━━━━━ DATA EXTRACT
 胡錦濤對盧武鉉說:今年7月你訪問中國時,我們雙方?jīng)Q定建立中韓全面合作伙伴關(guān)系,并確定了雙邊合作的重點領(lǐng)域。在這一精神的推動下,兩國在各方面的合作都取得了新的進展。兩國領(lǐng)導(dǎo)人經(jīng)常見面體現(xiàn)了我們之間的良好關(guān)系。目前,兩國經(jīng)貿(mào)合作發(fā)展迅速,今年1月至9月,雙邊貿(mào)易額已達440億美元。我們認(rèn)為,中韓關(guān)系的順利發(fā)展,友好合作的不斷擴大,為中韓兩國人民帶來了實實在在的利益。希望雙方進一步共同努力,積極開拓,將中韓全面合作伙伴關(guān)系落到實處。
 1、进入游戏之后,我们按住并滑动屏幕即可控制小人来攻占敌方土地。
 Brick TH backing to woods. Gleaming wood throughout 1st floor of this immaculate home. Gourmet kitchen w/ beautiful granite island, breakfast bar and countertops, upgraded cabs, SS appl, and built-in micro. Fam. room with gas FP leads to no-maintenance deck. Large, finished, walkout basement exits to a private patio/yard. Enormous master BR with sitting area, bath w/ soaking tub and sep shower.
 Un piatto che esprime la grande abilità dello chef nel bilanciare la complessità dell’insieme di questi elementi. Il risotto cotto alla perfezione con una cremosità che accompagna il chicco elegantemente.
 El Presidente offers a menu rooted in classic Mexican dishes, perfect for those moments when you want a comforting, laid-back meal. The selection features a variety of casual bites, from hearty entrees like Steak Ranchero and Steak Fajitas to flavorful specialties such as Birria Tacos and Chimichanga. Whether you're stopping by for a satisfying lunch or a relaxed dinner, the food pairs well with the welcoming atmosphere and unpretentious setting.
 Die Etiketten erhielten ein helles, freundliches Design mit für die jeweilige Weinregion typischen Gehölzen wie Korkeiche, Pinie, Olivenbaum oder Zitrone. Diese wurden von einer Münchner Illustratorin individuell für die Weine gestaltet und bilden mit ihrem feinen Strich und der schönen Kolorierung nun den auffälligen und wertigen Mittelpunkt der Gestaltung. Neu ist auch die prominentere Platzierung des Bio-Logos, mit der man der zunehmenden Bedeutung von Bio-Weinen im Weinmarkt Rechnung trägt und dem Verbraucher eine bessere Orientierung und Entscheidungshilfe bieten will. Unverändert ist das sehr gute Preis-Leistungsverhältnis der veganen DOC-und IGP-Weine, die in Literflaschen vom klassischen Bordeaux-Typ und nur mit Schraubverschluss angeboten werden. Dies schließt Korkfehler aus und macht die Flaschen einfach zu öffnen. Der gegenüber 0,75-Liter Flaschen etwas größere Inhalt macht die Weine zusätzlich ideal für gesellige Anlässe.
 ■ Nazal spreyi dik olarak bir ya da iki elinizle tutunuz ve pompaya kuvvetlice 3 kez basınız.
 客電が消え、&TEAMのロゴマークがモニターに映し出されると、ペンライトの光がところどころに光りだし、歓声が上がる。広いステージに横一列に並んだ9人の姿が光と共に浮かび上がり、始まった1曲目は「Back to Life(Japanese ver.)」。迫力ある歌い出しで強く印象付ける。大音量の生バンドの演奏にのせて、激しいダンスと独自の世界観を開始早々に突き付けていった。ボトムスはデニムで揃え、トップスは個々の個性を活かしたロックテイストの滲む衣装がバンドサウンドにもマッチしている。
━━━━━━━━━━
**WORK ORDER**
Starting with the first line of the entries and ending with the line that has "Un piatto che", copy each line exactly and add nothing.

**RESULT OF THIS EXERCISE**
 胡錦濤對盧武鉉說:今年7月你訪問中國時,我們雙方?jīng)Q定建立中韓全面合作伙伴關(guān)系,并確定了雙邊合作的重點領(lǐng)域。在這一精神的推動下,兩國在各方面的合作都取得了新的進展。兩國領(lǐng)導(dǎo)人經(jīng)常見面體現(xiàn)了我們之間的良好關(guān)系。目前,兩國經(jīng)貿(mào)合作發(fā)展迅速,今年1月至9月,雙邊貿(mào)易額已達440億美元。我們認(rèn)為,中韓關(guān)系的順利發(fā)展,友好合作的不斷擴大,為中韓兩國人民帶來了實實在在的利益。希望雙方進一步共同努力,積極開拓,將中韓全面合作伙伴關(guān)系落到實處。
 1、进入游戏之后,我们按住并滑动屏幕即可控制小人来攻占敌方土地。
 Brick TH backing to woods. Gleaming wood throughout 1st floor of this immaculate home. Gourmet kitchen w/ beautiful granite island, breakfast bar and countertops, upgraded cabs, SS appl, and built-in micro. Fam. room with gas FP leads to no-maintenance deck. Large, finished, walkout basement exits to a private patio/yard. Enormous master BR with sitting area, bath w/ soaking tub and sep shower.
 Un piatto che esprime la grande abilità dello chef nel bilanciare la complessità dell’insieme di questi elementi. Il risotto cotto alla perfezione con una cremosità che accompagna il chicco elegantemente.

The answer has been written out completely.